Steve Redwood’s sober “Damaged” is a bleak look at the way men view women. When Maria 8 (the name deliberately evoking in the reader an image of the robot from Metropolis) starts to show signs of wear and tear, John Smith thinks of taking her back to the library for a service. This will mean, however, that her memories will be wiped. She will no longer remember their time together. Worse still, she could be returned to the previous user who had treated her shoddily and inflicted damage on her. But she needs a service—the silver paint is starting to peel off, revealing the pink layer beneath. What to do? This frank and searching story has an excellent chance of making it into some of the Year’s Best anthologies.

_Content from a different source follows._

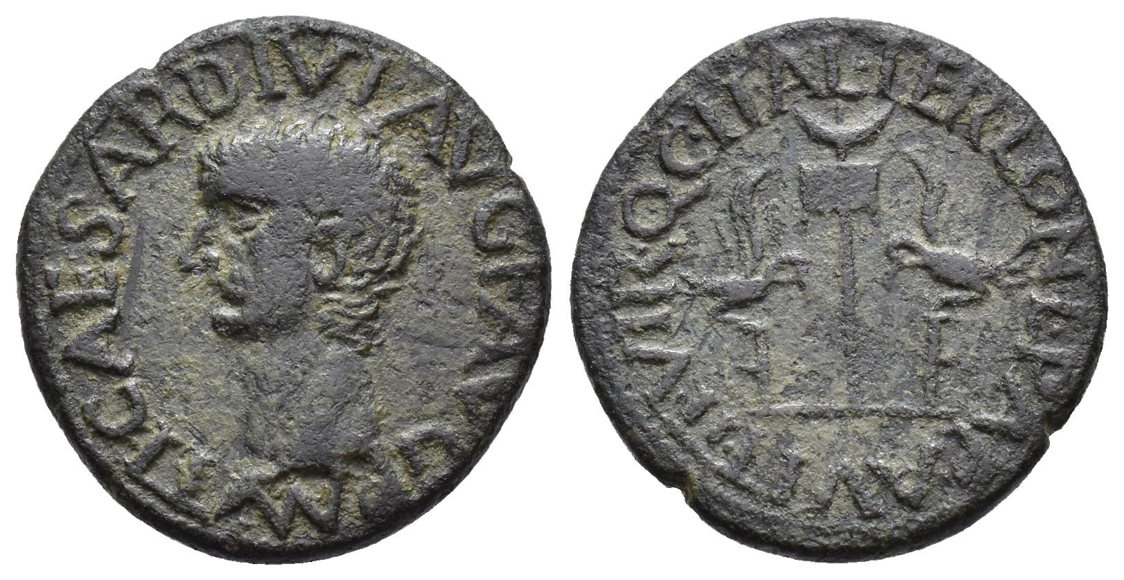 HISPANIA ANTIGUA. ILICI. Tiberio. Semis. A/ Cabeza a izq.; TI CAESAR DIVI AVG F AVG P M. R/ Dos aquilae, en medio vexillum; C II ALTER LON L PAP AVIT II VIR Q. AE 5,77 g. 22 mm. I-1529; APRH-199; ACIP-3210; CC-4445, mismo ejemplar. Pátina verde oscuro. MBC-/MBC.
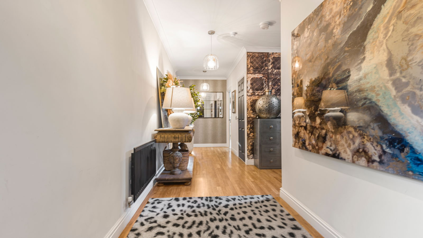 This distinguished detached family residence, positioned on one of the area’s most sought-after roads, offers beautifully presented accommodation finished to an exceptional standard throughout. Set well back from the road, the home is approached via an attractive block-paved driveway providing generous off-road parking and access to the integral garage, with a neatly maintained fore garden.

Michael R. Colangelo’s punky “Steel Teeth and Synthetics” is set in a violent, postapocalyptic city where cannibalism for food and spare parts is rife. There is a very active black market in mechanical organs, and pragmatic alliances and recreational drugs make life endurable, if not enjoyable. It’s a lively adventure and well rendered, and you’ll already know by the description whether you’ll enjoy it or not.
There is a piece of surreal flash fiction from Frank Burton called “The Day She Melted” that is smoothly written, accurately titled, and about a paragraph long, and then there is the final story, “Live Without a Net: Bloodletting the Robot” by RC Edrington, which is as clear as its title suggests. A being is strapped to a table and is being drained of blood by a middle-aged woman who is keen to sample the properties of his blood. Vampires, AIDS, and junkies all occur to the reader, but the prose remains too opaque to satisfactorily resolve the issue.
Edrington also contributes a lengthy poem to this issue, and there is a sequence of poems (titled “A Sequence of Rashes”) from KC Wilder here as well.
This issue of Polluto is again a fine-looking magazine and, even if it doesn’t consistently reach the heights of the previous issue, it is still a pleasure to read. It has been produced as a limited edition hardback of 100 copies and a paperback of 500 copies.